Submitted via IRC for Bytram

Because Internet makes a linguist's case for l33t speak, other online-text fads

The Internet has done good things to the English language.

That's the most important thing linguist Gretchen McCulloch has to say in her book, Because Internet: Understanding the New Rules of Language. Though many prominent opinion-havers rage about the imminent death of the English language at the hands of emoji-wielding teenagers, the Internet has done no more harm to English than television, radio, or dime novels.

In fact, McCulloch makes a compelling argument that Internet language, and emoji in particular, is restoring life to the relatively emotionless medium of text. For hundreds of years, public writing was limited to formal contexts like newspapers and books, written by educated people using very formal language for the edification of other educated people. Even fiction draws a clear line between informal dialogue and formal narration. On the Internet, on the other hand, the lines are much less clear. Private, informal writing (like shopping lists or notes passed between students at the back of a classroom) is now publicly visible, and the conventions developed by individuals or small groups for writing informally can spread and interact on a global scale. To McCulloch, this is more exciting than it is scary, and reading Because Internet might convince you to feel the same.

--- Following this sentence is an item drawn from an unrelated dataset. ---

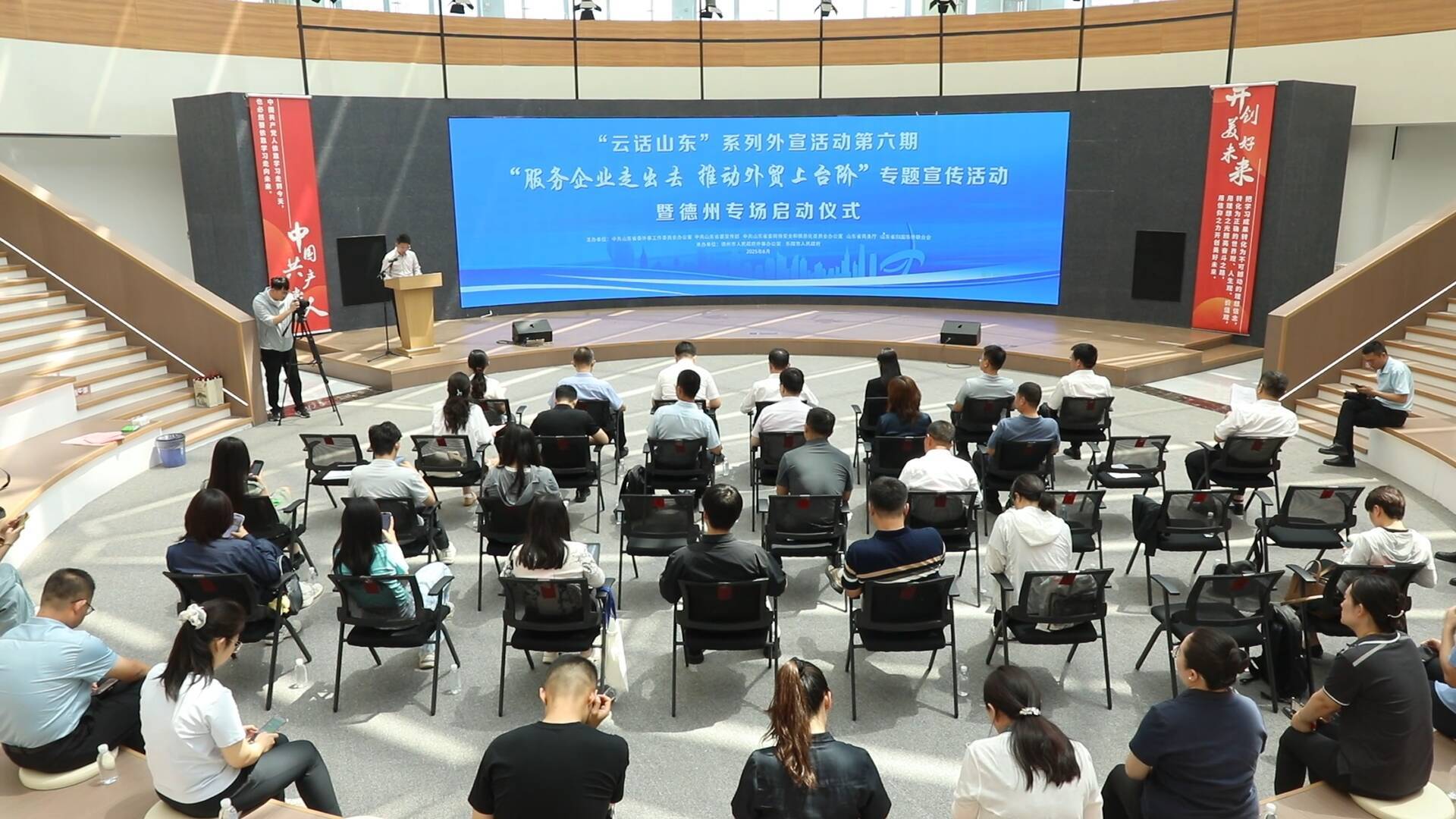 近日,“云话山东”系列外宣活动第六期——“服务企业走出去 推动外贸上台阶”专题宣传活动在德州市乐陵市正式启动。本次专题活动由山东省委外办联合省委宣传部、省委网信办、省商务厅、省侨联共同主办,将持续至今年11月。

[...] McCulloch is on a mission to make linguistics relatable—and, hear me out, she's on a roll in that respect. She does this not only through Because Internet, but also through Lingthusiasm, the podcast she co-hosts with fellow linguist Lauren Gawne. As its name suggests, Lingthusiasm shows off the hosts' enthusiasm about linguistics and calls on its listeners to get excited about a wide variety of linguistic topics, such as how vowels work, the ways people from different cultures talk about time, and why efforts to create a single world language never catch on. On Lingthusiasm, McCulloch and Gawne dispel myths about language and inspire the kind of excitement that turns curious students into scientists. And in Because Internet, McCulloch continues to demystify and delight.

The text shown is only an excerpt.